Many mutual fund managers charge investors more than they should. Someone ought to do something about it, but should that be Congress, the courts, a government agency such as the Securities and Exchange Commission, or investors themselves?
The U.S. Supreme Court is considering this question. I suspect the courts are going to involve themselves more deeply, albeit reluctantly, in trying to protect investors. But the underlying problem is the way public companies are governed, and ultimately only Congress can do something about that.
The dispute before the Supreme Court involves three investors in the Oakmark family of mutual funds, managed by Harris Associates. Investors Jerry N. Jones, Mary F. Jones, and Arline Winerman contend that Harris breached its fiduciary duty under federal law by charging the funds too much for its services.
Harris notes that the fees were approved by the funds’ boards of trustees, and that they were in line with fees paid to other advisers by similar funds. But the investors counter that, like virtually all mutual fund sponsors, Harris controls the selection of the trustees who, in turn, approve Harris’ fees. The investors note that Harris charged the funds about twice as much as it charged other clients, such as pension funds, whose decision-making is genuinely independent of Harris. Harris replies that this is an apples-and-oranges comparison because mutual funds have different needs and require different services than pension funds and other institutional investors.
The case, Jones, et al., v. Harris Associates, was dismissed by a district court without trial. The Seventh Circuit Court of Appeals upheld the district court’s summary judgment, saying that Harris had done everything the law required of it by fully disclosing its fees to the funds’ boards of directors and to shareholders. The Supreme Court heard oral arguments last week.

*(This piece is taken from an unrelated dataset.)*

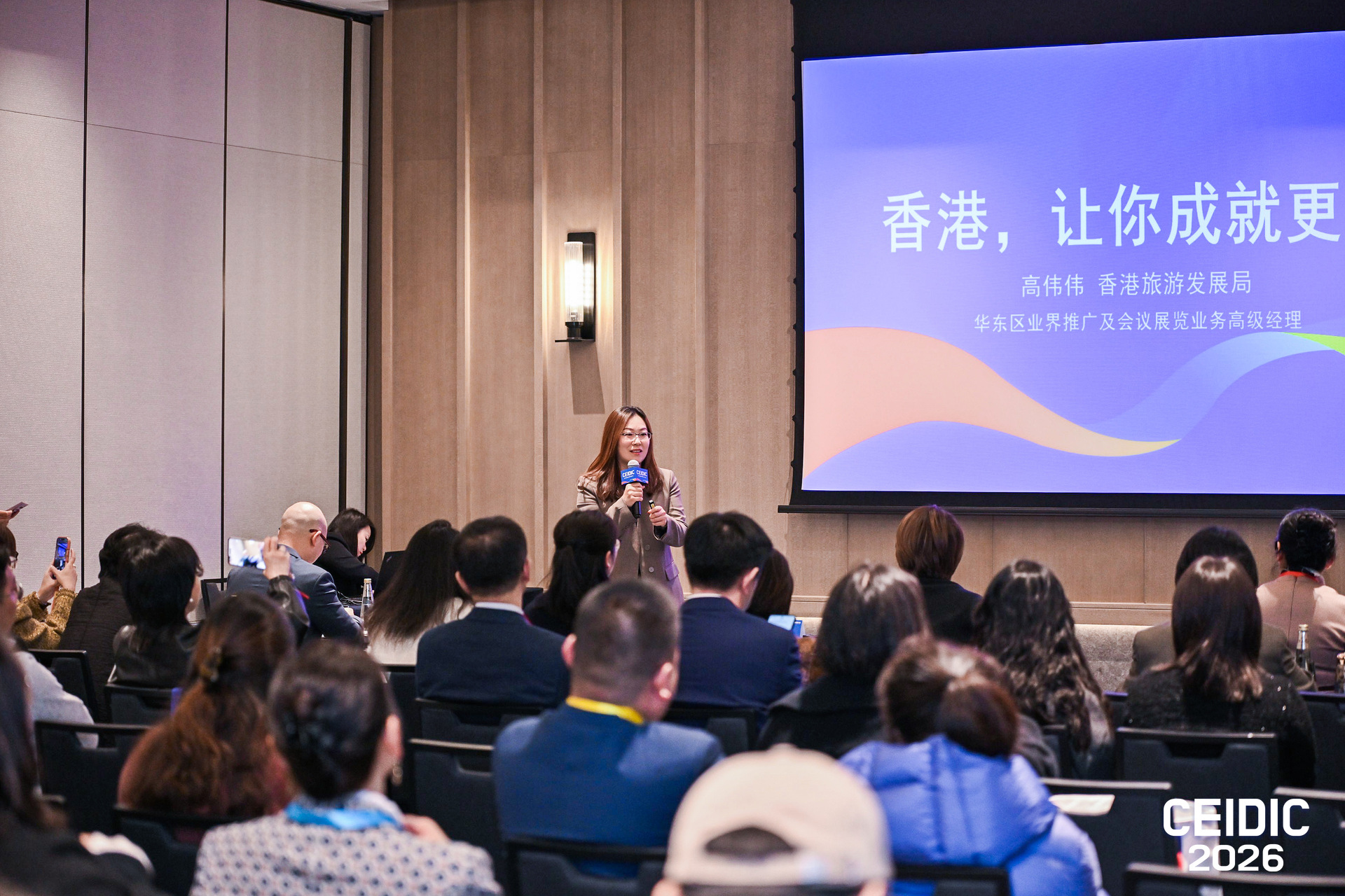 图:香港旅游发展局华东区业界推广及会议展览业务高级经理高伟伟做“香港,让你成就更多”主题演讲

The Seventh Circuit said the fees were a product of market forces, since shareholders were free to put their money elsewhere if they thought what they were paying was excessive. Writing for the majority, Judge Frank H. Easterbrook declared that the law requires only that investment advisers “make full disclosure and play no tricks.”
A driver who chooses to fill up at a station with a posted price higher than that of another station across the street cannot later sue because he paid too much. Likewise, according to the Seventh Circuit judgment, shareholders cannot retroactively claim that they paid too much when they knew the rate up front.
But, while the driver is responsible for picking his fueling station directly, shareholders do not directly negotiate fees with management companies, and that is where the analogy breaks down. Because shareholders must rely on boards of directors hand-picked by fund managers, Congress determined in a 1970 amendment to the Investment Company Act that investment advisers have a “fiduciary duty with respect to the receipt of compensation for services.” It is this duty that the Jones plaintiffs say Harris Associates violated by charging them an unfair fee.
The Supreme Court must decide whether disclosure by itself is enough to satisfy this fiduciary duty, as the Seventh Circuit ruled, or whether mutual fund managers and directors are obliged to take further steps to ensure fairness. If mere disclosure is not enough, which is what I believe the justices are likely to conclude, the case probably will go back to the lower courts to develop further evidence on whether the fee-setting process was fair to investors.
Our firm’s experience has shown how ineffective fund directors can be in representing investor interests. Back in 2006, my colleague Jonathan Bergman protested when Deutsche Bank proposed to triple the fee it charged a stock index fund that our clients had been using for six years. We withheld our vote for the fund’s directors, whose rubber-stamp approval was such a foregone conclusion that the bank reported it to the government four days before the vote was taken. The bank delayed the increase after we objected on our clients’ behalf, but it proceeded to boost its fees by 50 percent (rather than the original 200 percent) early this year, after the complaints and resulting adverse publicity died down.
If the Supreme Court decides that disclosure is not enough to guarantee that market forces will ensure fair fees, then Harris will have to provide more specific proof that its fees were fair. The Second Circuit’s 1982 decision in Gartenberg v. Merrill Lynch Asset Management, Inc. provides a test for the fairness of fees, saying that a breach of fiduciary duty occurs when an investment adviser “charge[s] a fee that is so disproportionately large that it bears no reasonable relationship to the services rendered and could not have been the product of arm’s-length bargaining.”
Most of the attention these days is on excessive compensation for corporate executives, not mutual fund managers. The two issues have one major element in common, which is the lapdog nature of many boards of directors who are supposed to represent the interests of the company’s owners, not its managers. While shareholders nominally elect boards of directors, nominees are generally selected by company insiders, leaving shareholders with little real choice. Boards of directors, then, end up being more beholden to management than to the shareholders whose interests they are supposed to represent.
Judge Richard A. Posner, a member of the Seventh Circuit Court, dissented from the Jones decision and tied it to the broader topic of executive pay. “Executive compensation in large publicly traded firms often is excessive,” he wrote, “because of the feeble incentives of boards of directors to police compensation.”
He is right. To address the problem, Congress should require public companies to adopt more democratic methods of selecting directors. Once shareholders gain some actual control over the companies that they own, management fees and executive pay will drop to reasonable levels, allowing courts and politicians to step aside.